On the client side, respond to __ping__ with __pong__. You can also use the lower-level WebSocket ping frames via websocket.send_bytes with a specific frame type if you control both ends.

If you’re using NGINX as a reverse proxy, also set these directives to give WebSocket connections room to breathe:

location /ws {
    proxy_pass http://localhost:8000;
    proxy_http_version 1.1;
    proxy_set_header Upgrade $http_upgrade;
    proxy_set_header Connection "upgrade";
    proxy_read_timeout 3600s;  # 1 hour — adjust to your needs
    proxy_send_timeout 3600s;
}

Cause #4: Message Size Exceeding the Limit

Starlette has a default maximum WebSocket message size. Sending a message larger than this limit causes the server to close the connection with code 1009 (Message Too Big) — and if you’re not logging close codes, it just looks like a random drop.

The default max size in Starlette is 16 MB for text messages, but this can be overridden at the ASGI app level. More commonly, the limit comes from your reverse proxy or load balancer.

To raise the limit in Starlette/FastAPI:

from fastapi import FastAPI
from starlette.websockets import WebSocket

# Raise the limit to 64 MB (adjust as appropriate)
app = FastAPI(
    # Starlette passes this to the WebSocket handler via the ASGI scope
)

# Or configure at the WebSocket level:
@app.websocket("/ws")
async def ws(websocket: WebSocket):
    await websocket.accept()
    # Use receive_bytes for binary data, receive_text for text
    data = await websocket.receive_bytes()
    ...

For large file transfers over WebSocket, don’t send the whole thing at once.
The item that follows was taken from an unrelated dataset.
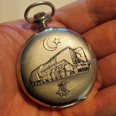 Toimiva, upea taskukello jossa ajan tuomaa patinaa. Taiteellinen käden jälki näkyy kellossa.

Instead, break the payload into chunks:

@app.websocket("/ws/upload")
async def ws_chunked_upload(websocket: WebSocket):
    await websocket.accept()
    chunks = []
    try:
        while True:
            chunk = await websocket.receive_bytes()
            if chunk == b"__done__":
                break
            chunks.append(chunk)
        full_payload = b"".join(chunks)
        await websocket.send_text(f"received {len(full_payload)} bytes")
    except WebSocketDisconnect:
        pass

This is more resilient, uses less memory, and avoids hitting any message size limits.

Cause #5: Mutable State in Broadcast Loops

Real-time apps often maintain a connected_clients set or list and broadcast messages to everyone. The classic bug: you’re iterating over connected_clients to broadcast, and a different coroutine modifies the set at the same time — either by a new connection being added or a disconnecting client being removed.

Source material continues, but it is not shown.